# Funny Trail Cam Pic



## Bray68 (Jan 20, 2005)

Gives new meaning to piggy back ride.


----------



## SSMike (Aug 15, 2005)

pig ****..great.


----------



## Bucksnort (Jun 29, 2004)

thats disgusting, and to think they were doing it infront of the childeren. cool looking color phases on those pigs.


----------



## Redfishr (Jul 26, 2004)

Makes my trigger finger itch..................SHOOT


----------



## Buzzbait (Jun 20, 2004)

makin bacon


----------



## FormerHR (May 21, 2004)

And the infestation continues. His life wasn't getting much better than that as a pig, too bad you weren't there to put one in his ear at that very moment.


----------



## Stumpgrinder (Feb 18, 2006)

They're like Micheal Jordan.

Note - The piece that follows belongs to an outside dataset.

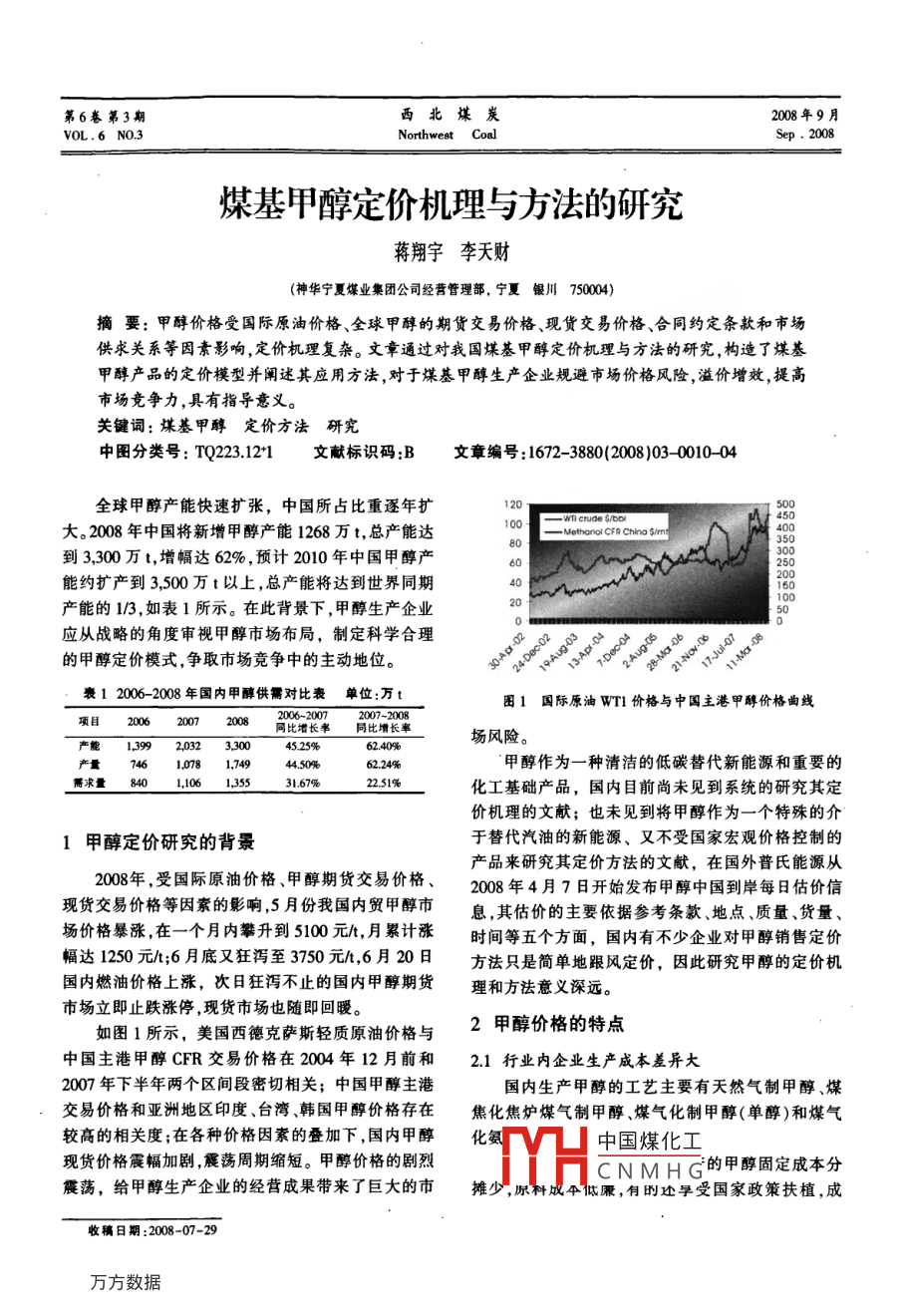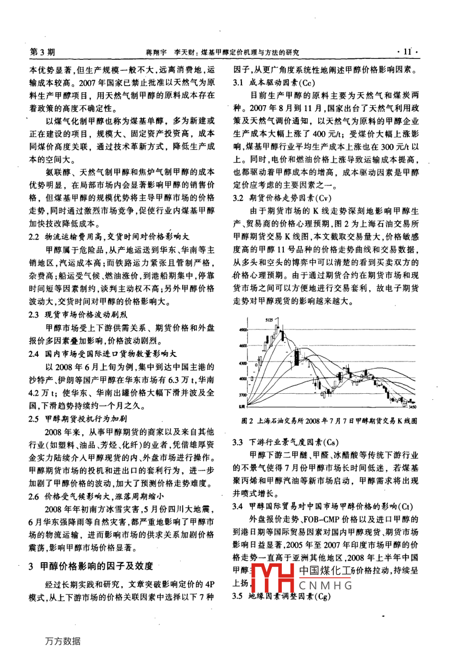 第6卷第3期西北煤炭2008年9月VOL 6 NO.3Northwest Coalsep.2008煤基甲醇定價(jià)機(jī)理與方法的硏究蔣翔宇李天財(cái)(神華寧夏煤業(yè)集團(tuán)公司經(jīng)營(yíng)管理部,寧夏銀川750004)摘要:甲醇價(jià)格受國(guó)際原油價(jià)格、全球甲醇的期貨交易價(jià)格、現(xiàn)貨交易價(jià)格、合同約定條款和市場(chǎng)供求關(guān)系等因素影響,定價(jià)杋理復(fù)雜。文章通過對(duì)我國(guó)煤基甲醇定價(jià)機(jī)理與方法的研究,構(gòu)造了煤基甲醇產(chǎn)品的定價(jià)模型并闡述其應(yīng)用方法,對(duì)于煤基甲醇生產(chǎn)企業(yè)規(guī)避市場(chǎng)價(jià)格風(fēng)險(xiǎn),溢價(jià)增效,提高市場(chǎng)競(jìng)爭(zhēng)力,具有指導(dǎo)意義關(guān)鍵詞:煤基甲醇定價(jià)方法研究中圖分類號(hào):TQ23.121文獻(xiàn)標(biāo)識(shí)碼:B文章編號(hào):1672-3880(200803-001004全球甲醇產(chǎn)能快速擴(kuò)張,中國(guó)所占比重逐年擴(kuò)大。2008年中國(guó)將新增甲醇產(chǎn)能1268萬t,總產(chǎn)能達(dá)ethanol CFR China s/mt到3,300萬t,增幅達(dá)62%,預(yù)計(jì)2010年中國(guó)甲醇產(chǎn)能約擴(kuò)產(chǎn)到3,500萬t以上,總產(chǎn)能將達(dá)到世界同期00000產(chǎn)能的13,如表1所示。在此背景下,甲醇生產(chǎn)企業(yè)應(yīng)從戰(zhàn)略的角度審視甲醇市場(chǎng)布局,制定科學(xué)合理的甲醇定價(jià)模式,爭(zhēng)取市場(chǎng)競(jìng)爭(zhēng)中的主動(dòng)地位。衰12006-2008年國(guó)內(nèi)甲醇供需對(duì)比表單位:萬t圖1國(guó)際原油WTl價(jià)格與中國(guó)主港甲醇價(jià)格曲線項(xiàng)目20062007同比增長(zhǎng)率同比增長(zhǎng)率產(chǎn)能1.39920323.300場(chǎng)風(fēng)險(xiǎn)。45.25%產(chǎn)量4610781,74944.50%62.24%甲醇作為一種清潔的低碳替代新能源和重要的需求量化工基礎(chǔ)產(chǎn)品,國(guó)內(nèi)目前尚未見到系統(tǒng)的研究其定價(jià)機(jī)理的文獻(xiàn);也未見到將甲醇作為一個(gè)特殊的介1甲醇定價(jià)研究的背景于替代汽油的新能源、又不受國(guó)家宏觀價(jià)格控制的產(chǎn)品來研究其定價(jià)方法的文獻(xiàn),在國(guó)外普氏能源從2008年,受國(guó)際原油價(jià)格、甲醇期貨交易價(jià)格、2008年4月7日開始發(fā)布甲醇中國(guó)到岸每日估價(jià)信現(xiàn)貨交易價(jià)格等因素的影響5月份我國(guó)內(nèi)貿(mào)甲醇市息,其估價(jià)的主要依據(jù)參考條款、地點(diǎn)質(zhì)量、貨量場(chǎng)價(jià)格暴漲,在一個(gè)月內(nèi)攀升到5100元/,月累計(jì)漲時(shí)間等五個(gè)方面,國(guó)內(nèi)有不少企業(yè)對(duì)甲醇銷售定價(jià)幅達(dá)1250元/t;6月底又狂瀉至3750元,6月20日方法只是簡(jiǎn)單地跟風(fēng)定價(jià),因此研究甲醇的定價(jià)機(jī)國(guó)內(nèi)燃油價(jià)格上漲,次日狂瀉不止的國(guó)內(nèi)甲醇期貨理和方法意義深遠(yuǎn)。市場(chǎng)立即止跌漲停,現(xiàn)貨市場(chǎng)也隨即回暖。如圖1所示,美國(guó)西德克薩斯輕質(zhì)原油價(jià)格與2甲醇價(jià)格的特點(diǎn)中國(guó)主港甲醇CFR交易價(jià)格在2004年12月前和21行業(yè)內(nèi)企業(yè)生產(chǎn)成本差異大2007年下半年兩個(gè)區(qū)間段密切相關(guān);中國(guó)甲醇主港國(guó)內(nèi)生產(chǎn)甲醇的工藝主要有天然氣制甲醇、煤交易價(jià)格和亞洲地區(qū)印度、臺(tái)灣、韓國(guó)甲醇價(jià)格存在焦化焦?fàn)t煤氣制甲醇、煤氣化制甲醇(單醇)和煤氣較高的相關(guān)度;在各種價(jià)格因素的疊加下國(guó)內(nèi)甲醇化氨現(xiàn)貨價(jià)格震幅加劇震蕩周期縮短。甲醇價(jià)格的劇烈震蕩,給甲醇生產(chǎn)企業(yè)的經(jīng)營(yíng)成果帶來了巨大的市攤少,原和H中國(guó)煤化工CNMHG的甲醇固定成本分康,伺時(shí)旱受國(guó)家政策扶植,成收稿日期:2008-07第3期蔣翔宇李天財(cái):煤基甲醇定價(jià)機(jī)理與方法的研究本優(yōu)勢(shì)顯著,但生產(chǎn)規(guī)模一般不大,遠(yuǎn)離消費(fèi)地,運(yùn)因子,從更廣角度系統(tǒng)性地闡述甲醇價(jià)格影響因素輸成本較高。2007年國(guó)家已禁止批準(zhǔn)以天然氣為原31成本驅(qū)動(dòng)因素(Cc)料生產(chǎn)甲酵項(xiàng)目,用天然氣制甲醇的原料成本存在目前生產(chǎn)甲醇的原料主要為天然氣和煤炭?jī)芍叩母叨炔淮_定性。種。2007年8月到11月,國(guó)家出臺(tái)了天然氣利用政以煤氣化制甲醇也稱為煤基單醇,多為新建或策及天然氣調(diào)價(jià)通知,以天然氣為原料的甲醇企業(yè)正在建設(shè)的項(xiàng)目,規(guī)模大、固定資產(chǎn)投資高,成本生產(chǎn)成本大幅上漲了400元;受煤價(jià)大幅上漲影同煤價(jià)高度關(guān)聯(lián),通過技術(shù)革新方式,降低生產(chǎn)成響煤基甲醇行業(yè)平均生產(chǎn)成本上漲也在300元以本的空間大。上。同時(shí),電價(jià)和燃油價(jià)格上漲導(dǎo)致運(yùn)輸成本提高,氨聯(lián)醇、天然氣制甲醇和焦?fàn)t氣制甲醇的成本也都驅(qū)動(dòng)著甲醇成本的增高,成本驅(qū)動(dòng)因素是甲醇優(yōu)勢(shì)明顯,在局部市場(chǎng)內(nèi)會(huì)顯著影響甲醇的銷售價(jià)定價(jià)應(yīng)考慮的主要因素之格,但煤基甲醇的規(guī)模優(yōu)勢(shì)將主導(dǎo)甲醇市場(chǎng)的價(jià)格3.2期貨價(jià)格走勢(shì)因素(Cv)走勢(shì),同時(shí)通過激烈市場(ch

You cant stop em , you can only hope to contain em .


----------



## br549 (Jan 17, 2006)

Come on baby, I didnt know she was your sister


----------



## Outcast (May 20, 2004)

What's the big deal.......he was just PORKIN her!


----------



## Family Style (Jun 15, 2004)

It looks like one is eating dinner and the other is is porkin! They must be married!


----------



## hoghunter (Aug 12, 2005)

that hog is just makin bacon


----------



## crowmagnum (Feb 4, 2006)

Now thats giving the O'le sausage!LOL


----------



## trashcanslam (Mar 7, 2006)

that picture actually made my blood pressure rise. kind of reminds me of the gopher speach from Caddyshack

"the only good pig ....... is dead pig ........"


----------